Similarly, other types of collaboration tools, such as teleconferencing, typically require participants to be selected or invited, and discussions are limited to the direct participants and not made public to others in the organization (although they can be recorded and distributed; Treem & Leonardi, 2013). Despite the largely bounded nature of file sharing and teleconferencing, the collaborative nature of both technologies is likely to provide increased communication visibility. In the case of file sharing individuals have the opportunity to learn about the content of others’ work, and who has shared communication. Alternatively teleconferencing facilitates communication with disparate coworkers. Yet these technologies also have constraints, or material limitations, not present in the use of ESM. For example, neither technology allows users to easily make interactions visible to third-parties over time. As a result, we would expect these technologies to support less vicarious learning (Leonardi, 2015) than has been found with the use of ESM. Conversely, Fox and McEwan (2017) argue that ICTs such as texting afford less visibility than, for example, posting something on an internet page because communication through collaboration tools is shared only with specific recipients. Still, Huang and Zhang (2019) found that features of instant messaging in general enhanced employees’ visibility to their co-workers. Hence,

H2: The use of file sharing will contribute to (a) message transparency and (b) network translucence, but to a lesser extent than ESM does.

H3: The use of teleconferencing will contribute to (a) message transparency or (b) network translucence, but to a lesser extent than ESM does.

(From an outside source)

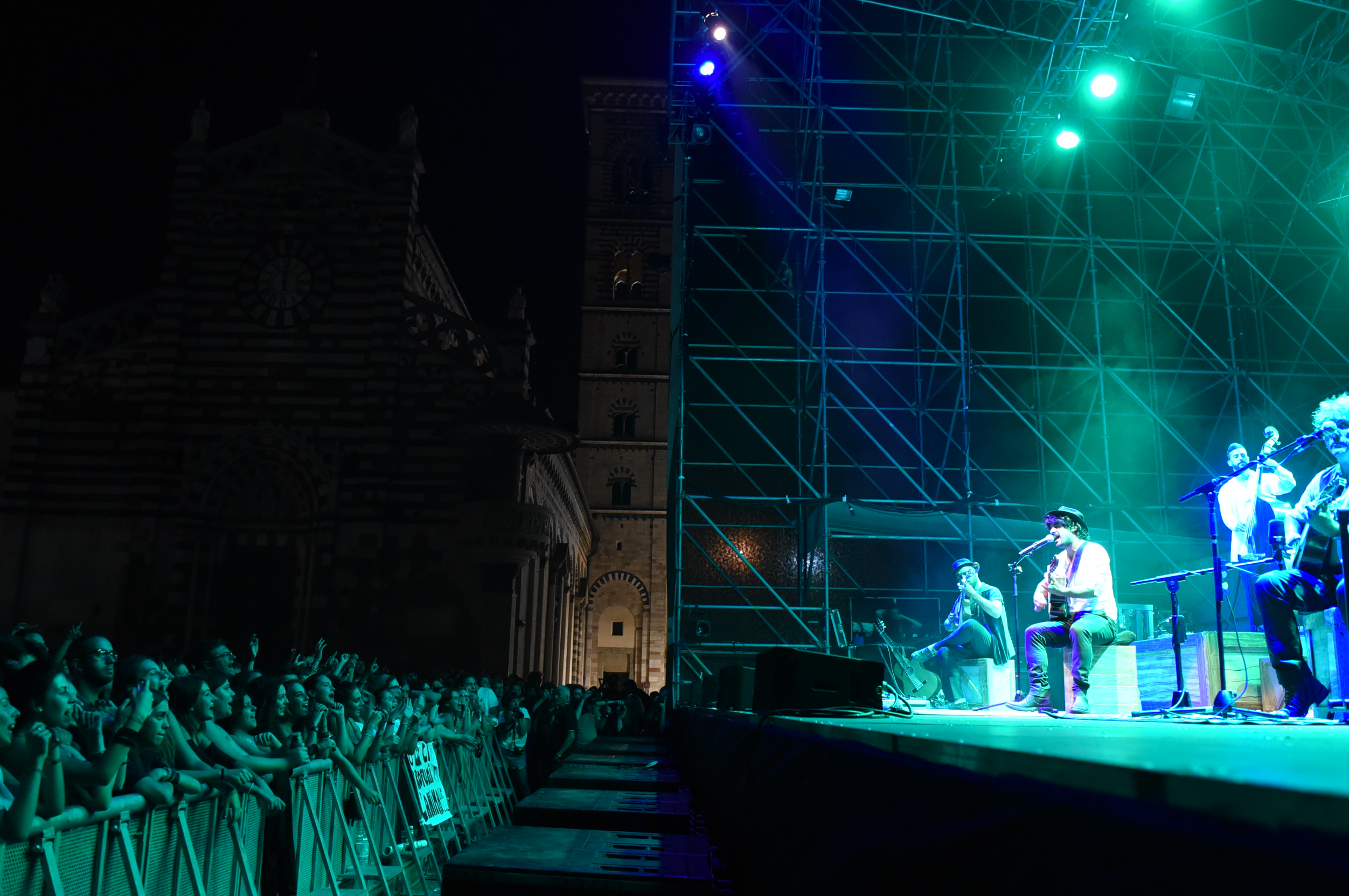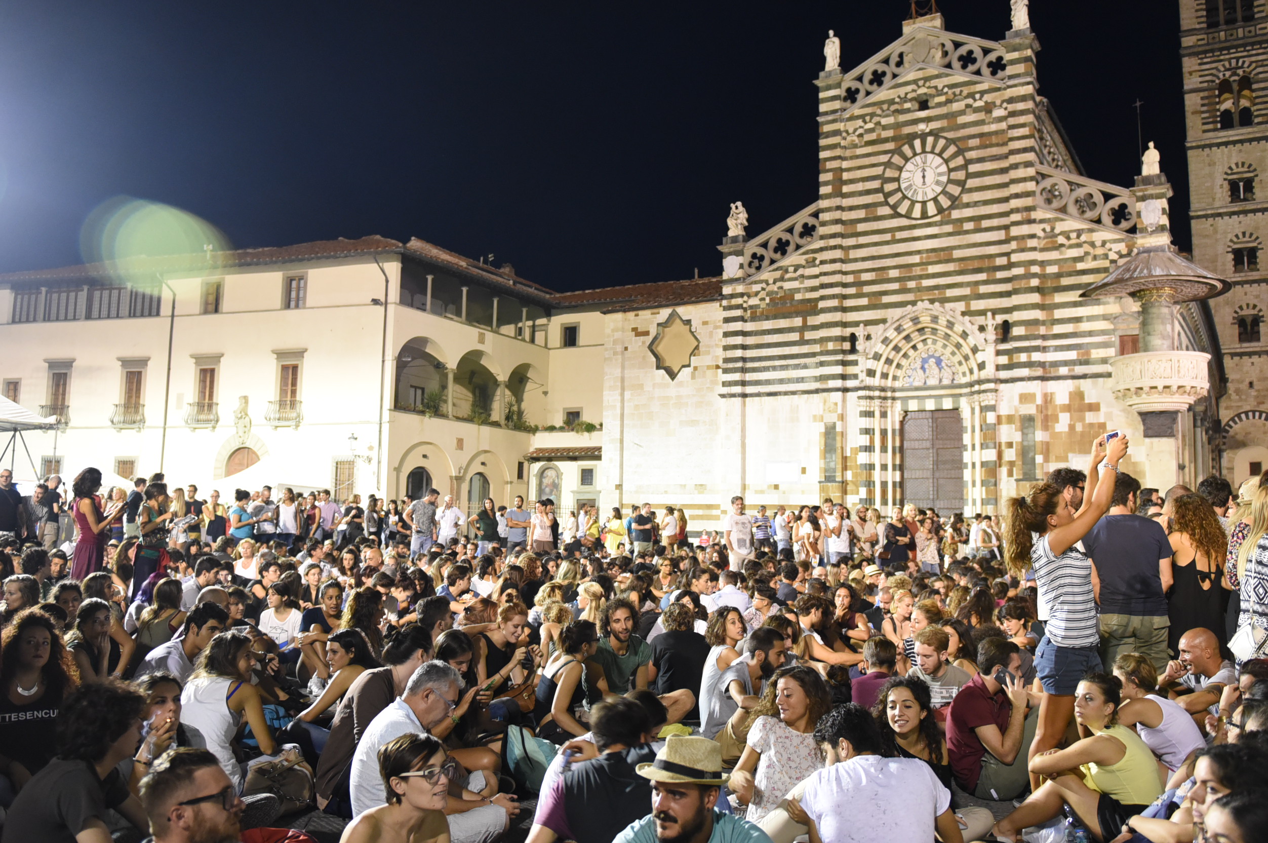 Piazza del Duomo gremita per il secondo grande concerto di “Settembre Prato è spettacolo 2015” con oltre 4mila persone schierate sotto al palcoscenico per vivere una serata all’insegna della grande musica nazionale. Tanti, al solito, i fan accorsi da ogni parte d’Italia: Roma, Trieste, Napoli, Salerno. Tutti insieme per vedere da vicino l’artista del cuore, che durante l’ultimo tour ha registrato 40mila presenze e collezionato 60mila copie vendute con i tre album “Bar della rabbia”, “Supersantos” e “Al monte”.

Organizational ICTs and Perceived Proximity

Recently, Waizenegger et al. (2020) argued that technological affordances enable equal opportunities of communication arguably bringing dispersed workers “socially” closer, regardless of physical proximity. Beyond more organizational communication in general predicting perceived proximity (O’Leary et al., 2014), using more synchronous and multi-modal media also seems to be associated with higher perceived proximity (rather than objective distance) and higher team cohesion than is using less synchronous media (O’Leary et al., 2014). A study conducted in a student-based virtual team context (Eisenberg et al., 2021) found that both verbal (video conferencing) and text-based (instant messaging) synchronous communication increased perceived proximity, but the effect varied depending on virtual team members’ language skills. Much of these findings are rooted in social presence theory (Short et al., 1976), media richness theory (Daft & Lengel, 1986), presence theory (Lombard & Ditton, 2006), and media synchronicity theory (Dennis et al., 2008). Each of those frameworks argues that when media provide more, or richer, opportunities for interaction it is more likely communicators will perceive proximity in a manner closer to what is possible with co-presence.

ICTs may make a person seem distant while being in close physical proximity, while another person can seem very close although actually far away in objective terms (Kolb, 2013; Wilson et al., 2008). For example, one may experience a sense of personal closeness to someone on the other end of a mobile phone call or Facebook post, while having low engagement with or even awareness of others who are physically close (Turkle, 2011). ICTs enable employees to draw from, and contribute to, a host of information shared by dispersed coworkers. Specifically, they can help to build mental salience—that is, the extent to which remote colleagues stay top of mind—and provide employees with cues that help to envision each other’s context (O’Leary et al., 2014). There is some evidence to suggest that synchronous (i.e., teleconferencing) and multi-modal communication (i.e., ESM) might be more strongly associated with perceived proximity (O’Leary et al., 2014), while file sharing and archiving (i.e., file sharing) would be less associated. However, empirical evidence for this potentially differential impact of technologies is lacking. Hence,

H4: The use of (a) ESM, (b) file sharing, and (c) teleconferencing are positively related to perceived proximity to distant colleagues.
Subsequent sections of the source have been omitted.